**EXTRACTED INFORMATION**
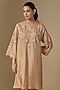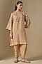 Featuring a beige kurta in silk and organza base with sequins, beads, crystal hand and machine embroidery. It is paired with silk salwar pants, including a silk and cotton slip. Accentuate it with statement earrings and heels for festive celebrations or family gatherings.
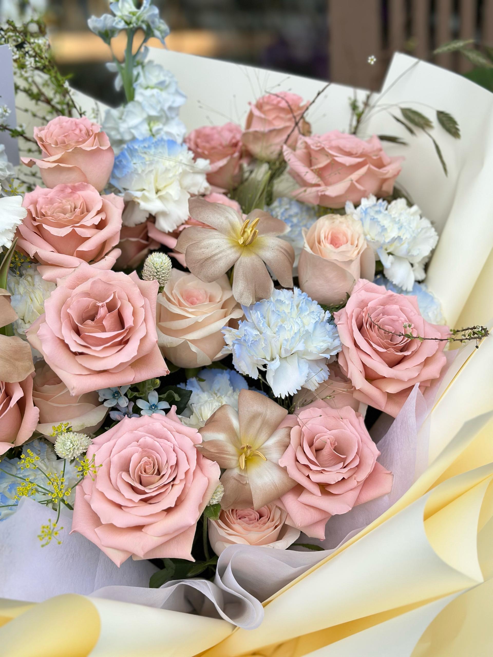 Due to seasonal availability or supply conditions, some flowers may occasionally be out of stock.To ensure that your bouquet maintains its original design and quality, we will substitute with similar flowers of equal value, striving to achieve the most beautiful outcome.
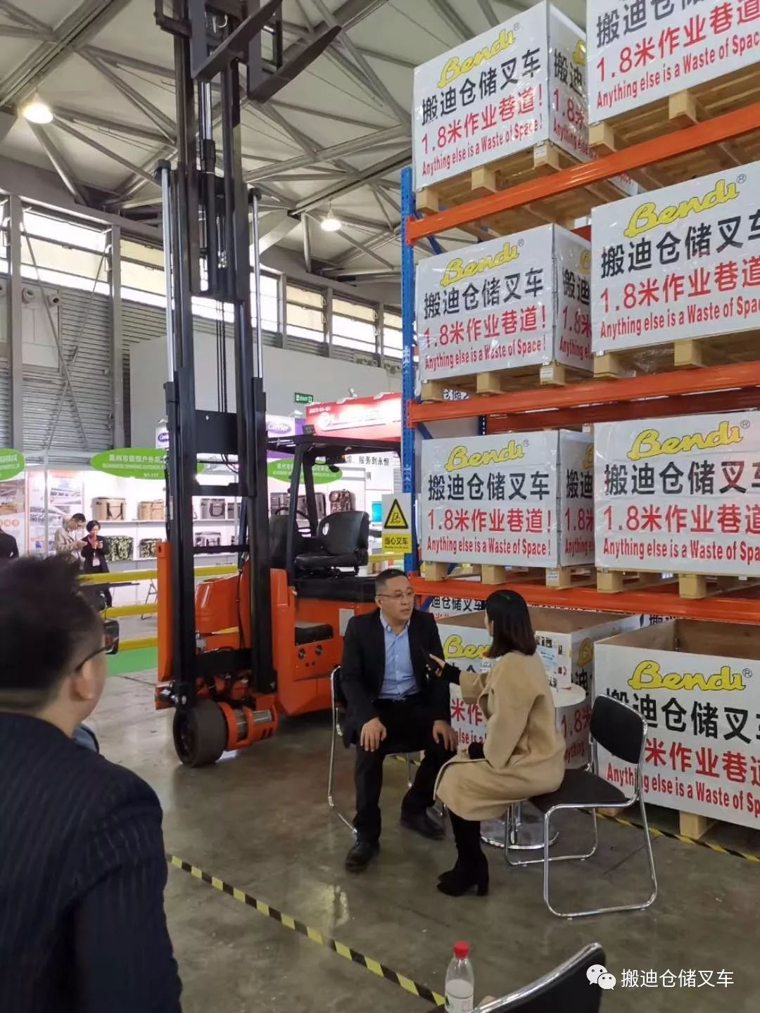 Bendi中国总部在会展期间接受了中央电视台“匠心节目组”的采访,搬迪铰链式叉车的用户应用价值中“有限仓储空间极致存储,提高土地资源利用率”这一理念得到央视匠心节目组的好评。
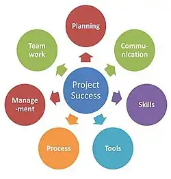 En la gestión de proyectos, numerosos estudios transculturales distribuidos a lo largo de décadas han mostrado que los principales factores clave de éxito son los siguientes:[7]
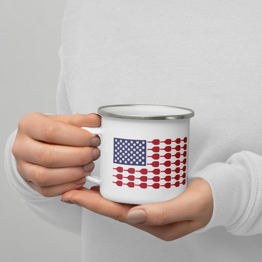 US Flag Pickleball Enamel Mug

**TASK ITEM**
Could you reproduce exactly the lines running from the one with "Due to seasonal" through the final line of the listing above, both included, and drop the pictures?

**EXERCISE RESULT**
 Due to seasonal availability or supply conditions, some flowers may occasionally be out of stock.To ensure that your bouquet maintains its original design and quality, we will substitute with similar flowers of equal value, striving to achieve the most beautiful outcome.
 Bendi中国总部在会展期间接受了中央电视台“匠心节目组”的采访,搬迪铰链式叉车的用户应用价值中“有限仓储空间极致存储,提高土地资源利用率”这一理念得到央视匠心节目组的好评。
 En la gestión de proyectos, numerosos estudios transculturales distribuidos a lo largo de décadas han mostrado que los principales factores clave de éxito son los siguientes:[7]
 US Flag Pickleball Enamel Mug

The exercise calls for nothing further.